Mientras lamento no tener ninguna ventana desde la que dejar marchar los ojos hasta cruzarse con otros ajenos, concluyo desganadamente que este coronavirus ya somos nosotras, nosotros, nuestras contradicciones y nuestros artefactos sociales e institucionales, nuestros Estados, nuestras servidumbres y nuestra vana persistencia en pretender domar el entorno y la totalidad de sus procesos. El coronavirus es el Capital y todos los altares levantados en su honor a lo largo y ancho del planeta; es la mano invisible del Mercado, siempre dispuesta a apretar el pescuezo a los más pobres. El coronavirus es, sí, un virus inesperado y anunciadamente posible que ha llegado para poner todo patas arriba, un virus que en su ingenua pequeñez hasta está intentando, mandándonos a casa, abolir el Trabajo. Y es, sobre todo, nuestro terror, nuestro miedo. Radicalmente personal y, a la vez, colectivo. De esta turbulencia planetaria, en cualquier caso, solo podremos salir de dos maneras que resultan por completo excluyentes: o solos o acompañados.

Llama la atención, por eso, a la hora de articular esa compañía posible, la completa ausencia en nuestras sobrevenidas necesidades y soledades de todos esos espacios políticos organizados que, hasta hace dos semanas, se reclamaban dueños de la agenda que nos iba a llevar, en un par de saltos, a los mismísimos cielos. ¿Todo lo que se pretendía levantar ha alcanzado para tener grupos de Whatsapp? ¿De qué sirven estructuras ajenas a las condiciones materiales de dolor de las mayorías, incapaces de sembrar solidaridad en la dificultad?

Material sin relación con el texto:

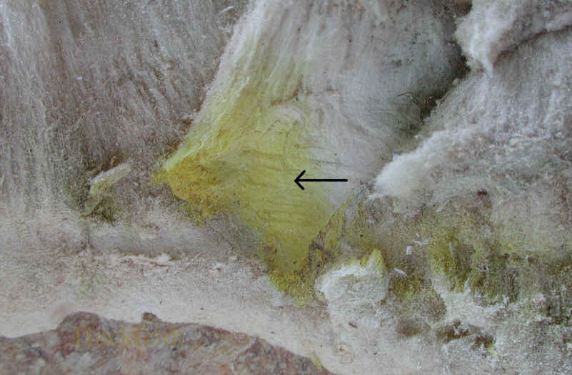 Das sehr feine, häufig gelbfleckige (Pfeil) Luftmycel lässt sich leicht von der Oberfläche abziehen. Diese Farbe wird häufig als "Hemmfarbe" bezeichnet, was ein vermindertes oder gestopptes Wachstum suggeriert, obwohl die gelben Hyphenteile zum Teil kräftig wachsen können. - zurück

Todo lo que fraternalmente se está organizando desde abajo lo hace en ausencia de esas organizaciones, en su ignorancia, en sus afueras. En tiempos críticos de verdades ácidas, evidentes, de preguntas dramáticas con una dimensión histórica inesperada, casi es mejor que las calles estén desiertas para así ahorrarnos ver correr en tropeles desordenados, balbuceantes y confusos, a demasiados pequeños reyes desnudos.

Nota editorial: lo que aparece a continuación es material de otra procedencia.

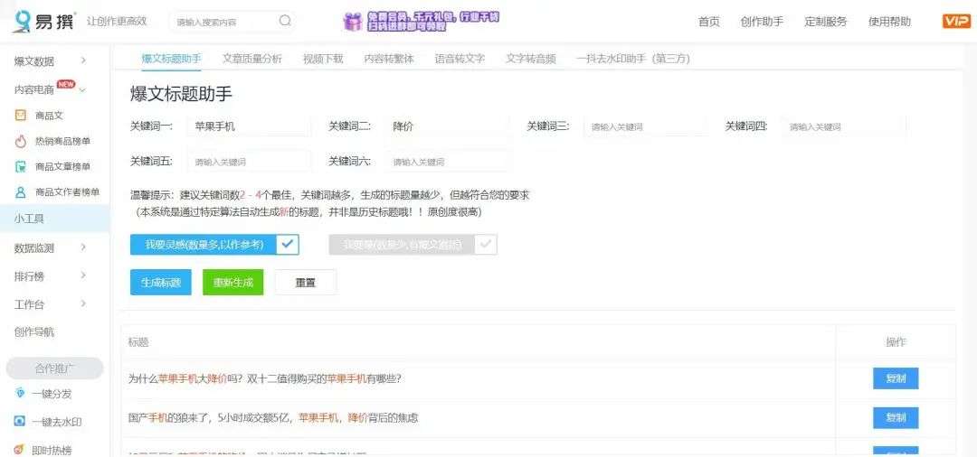 「爆文标题助手」这样简单粗暴的名字不免让人内心涌现出不妙的感觉,输入「苹果手机」「降价」两个关键词后果然生出了不少引诱力极强的标题: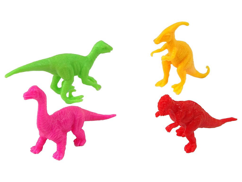 Kromě toho jsou zde čtyři malí dinosauři v různých barvách, které přinášejí další dynamiku a rozmanitost.

Cada mañana sigue mucha gente querida teniendo que ir a trabajar a sus talleres, a sus obras o en naves abarrotadas, para que no deje nunca de fluir la mercancía, incluso aquella que no representa una necesidad inmediata

Desde mi pequeña puerta siento los bares y pequeños comercios cerrados, tumbado aquí y allá escucho por teléfono relatar a mis amigos y amigas cómo se han quedado sin trabajo de la noche a la mañana, confirmo la destrucción completa de un marco laboral que ya estaba despedazado hasta niveles decimonónicos, me duelo con las dudas de quien no sabe si podrá pagar el techo que, obligatoriamente, ahora lo cobija sin fecha de salida. Pasan por la esquina, que tiene tres palmeras, los ciclomotores repartiendo comida a domicilio. Cada mañana sigue mucha gente querida teniendo que ir a trabajar a sus talleres, a sus obras o en naves abarrotadas, para que no deje nunca de fluir la mercancía, incluso aquella que no representa una necesidad inmediata. ¿Nos comeremos después de esto los coches que siguen saliendo de las cadenas?

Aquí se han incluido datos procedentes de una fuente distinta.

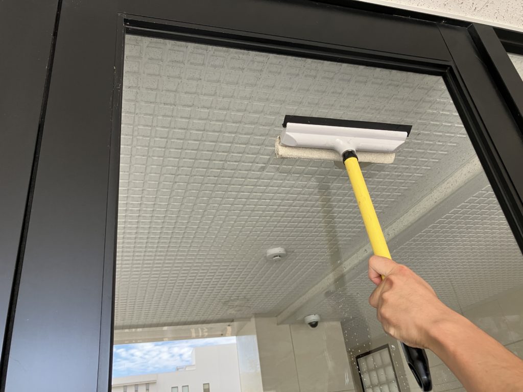 透明なガラス素材のドアは指の指紋が目立ちやすい箇所。スクイジー使って綺麗にしていきます。

Recogí por casualidad, en una salida de abastecimiento (ya hablamos como tramperos), flores de azahar de los naranjos de la plaza, y estuve sobrecogedoramente solo. Quiero creer que pronto oiremos, este año mejor que nunca, a los vencejos. Cuenta la prensa seria, en mi portátil, que la especulación en el mercado bloquea la llegada de material sanitario a España y que HM Hospitales pide a sus trabajadores que tomen vacaciones para ahorrar costes en medio de la crisis del coronavirus. La abuela de enfrente dice que sí, que está haciendo frío. Voy a llamar a mi padre, que está solo a cientos de kilómetros, para no perder el pulso de lo que siempre he sido.